"Well, we know the victim. There wasn't any difficulty about identifying him. We know it wasn't really a Black Hand crime, although everything seems to have been done to make it look like one, and the body was left in the most lonely part of the country.

"And then the trunk. We have traced it easily to the Club House. It was Benson's own trunk—had been up in his own room, which was locked."

"His own trunk?" repeated Craig, suddenly becoming interested. "How could anyone take it out, without being seen? Didn't anyone hear anything?"

"No. Apparently not. None of the other servants seem to have heard a thing. I don't know how it could have been got out, especially as his door was locked and we found the keys on him. But—well, it was. That's all."

We had reached the undertaker's.

The body of Benson was horribly mangled about the head and chest, particularly the mouth. It seemed as if a great hole had been torn in him, and he must have died instantly. Kennedy examined the grewsome remains most carefully.

What had done it, I wondered?
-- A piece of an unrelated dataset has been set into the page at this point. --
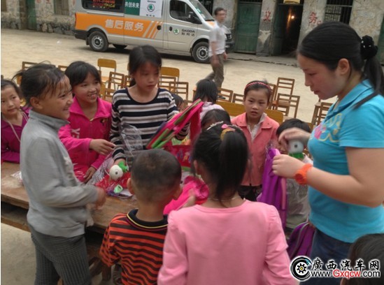 一路經(jīng)過5個小時奔波到達巴馬縣城,再驅(qū)車走曲折盤旋的山區(qū)小路一個半小時,步行20多分鐘,于16時抵達,一個四面處于環(huán)山低谷山區(qū)的本次捐贈助學(xué)的小學(xué)—弄京小學(xué)。車主們不辭辛勞,大人小孩一起上到物資貨運車,把愛心助學(xué)物品搬下車,捐贈給學(xué)校校長,并給小朋友一一發(fā)放書包和紅領(lǐng)巾,召號鼓勵孩子們好好學(xué)習(xí)。其中10號車的敬女士,除了為孩子們帶去學(xué)習(xí)用具等物品外,還想得特別周到,給小朋友帶去卡通小公仔,小女孩用的漂亮發(fā)夾、發(fā)圈,并一一幫小女孩戴上發(fā)圈。敬女士說,她身為兩個孩子的母親,深知山里留守兒童除了缺少學(xué)習(xí)用品,還缺少父母親的關(guān)愛。她希望通過她的點滴細微行為,能給小朋友帶來心靈上的關(guān)愛和溫暖。

Could the man have been drugged, perhaps, and then shot?

"Maybe it was a dum-dum bullet," I suggested, "one of those that mushrooms out and produces such frightful wounds."

"But assuming it entered the front, there is no exit in the back," the sheriff put in quickly, "and no bullet has been found."

"Well, if he wasn't shot," I persisted, "it must have been a blow, and it seems impossible that a blow could have produced such an effect."